Run :checkhealth for more info
OS: Arch Linux with kernel 5.13.4 (btw I use Arch Linux)
Telescope version: b742c50
Configuration doesn't matter in this case, as it's a problem with how tag files are processed; not how this is configured (there's nothing to configure anyway). In addition, once the data is loaded filtering is fast.
The big tags file I'm using:
https://gist.github.com/YorickPeterse/3ab120f98d1898fd43a3919d0a44a13c
I can't attach it directly as it's too big :smile:
Looking at the code (https://github.com/nvim-telescope/telescope.nvim/blob/f8caad1d6bd19dbd79945850342b49df41928525/lua/telescope/builtin/files.lua#L547-L592) the first thing I notice is that the entire file is read into memory, then split into lines. That already is likely going to waste memory.
The second issue seems to be that current_buffer_tags filters the massive list afterwards (if I'm understanding the code correctly). So basically first we load close to 300 000 lines into memory, then some time later we filter them out.
A third issue seems to be that the lines split are kept as-is, and that they are parsed later in the attach_mappings function. Given a lot of data in the tags file is probably redundant, some of this work probably should be done earlier.
Correction: some parsing seems to be done ahead of time in https://github.com/nvim-telescope/telescope.nvim/blob/79644ab67731c7ba956c354bf0545282f34e10cc/lua/telescope/make_entry.lua#L815
I guess not using string.match may speed things up a bit, but I'm not sure what you'd replace it with.
We had a attempt to load the file async (similar to find_files) here https://github.com/nvim-telescope/telescope.nvim/pull/288
A lot of problems would be solved that way. He just never finished it and i haven't found the time. Feel free to pick it up tho :) the pr and the conversations have a lot of good ideas how to solve it (using rg or grep, using vim.loop.fs_read async method (its pure c so its super fast)).
A third issue seems to be that the lines split are kept as-is, and that they are parsed later in the attach_mappings function. Given a lot of data in the tags file is probably redundant, some of this work probably should be done earlier.

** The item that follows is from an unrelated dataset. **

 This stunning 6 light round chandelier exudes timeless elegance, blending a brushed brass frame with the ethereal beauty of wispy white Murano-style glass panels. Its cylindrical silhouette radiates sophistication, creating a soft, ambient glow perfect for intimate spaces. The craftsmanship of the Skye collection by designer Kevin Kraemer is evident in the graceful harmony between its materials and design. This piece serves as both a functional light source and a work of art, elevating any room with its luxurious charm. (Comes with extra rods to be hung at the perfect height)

This is wrong that only happens for the value you select, you can ignore that part, its just for us to find the line in the tag file on selecting because tags dont off the line number. Its better to do that only for the selected entry rather than for all entries.
If you pick it up i can help you with the PR :)
@Conni2461 I'm not sure if I'll have time in the next few weeks, but if so I'll see if I can take a look at the mentioned pull request.
Hi, I'm also a user of a large tags file and have hit this issue also - keen to see a fix, but sadly not proficient enough in plugin development to help directly.
We have merged some performance improvements for it some time ago. Did this improve the situation for you?
Hi there :) I updated the plugin and the current buffer tags performance is much better :D
Many thanks for your work.
anecdotally its a lot better for me!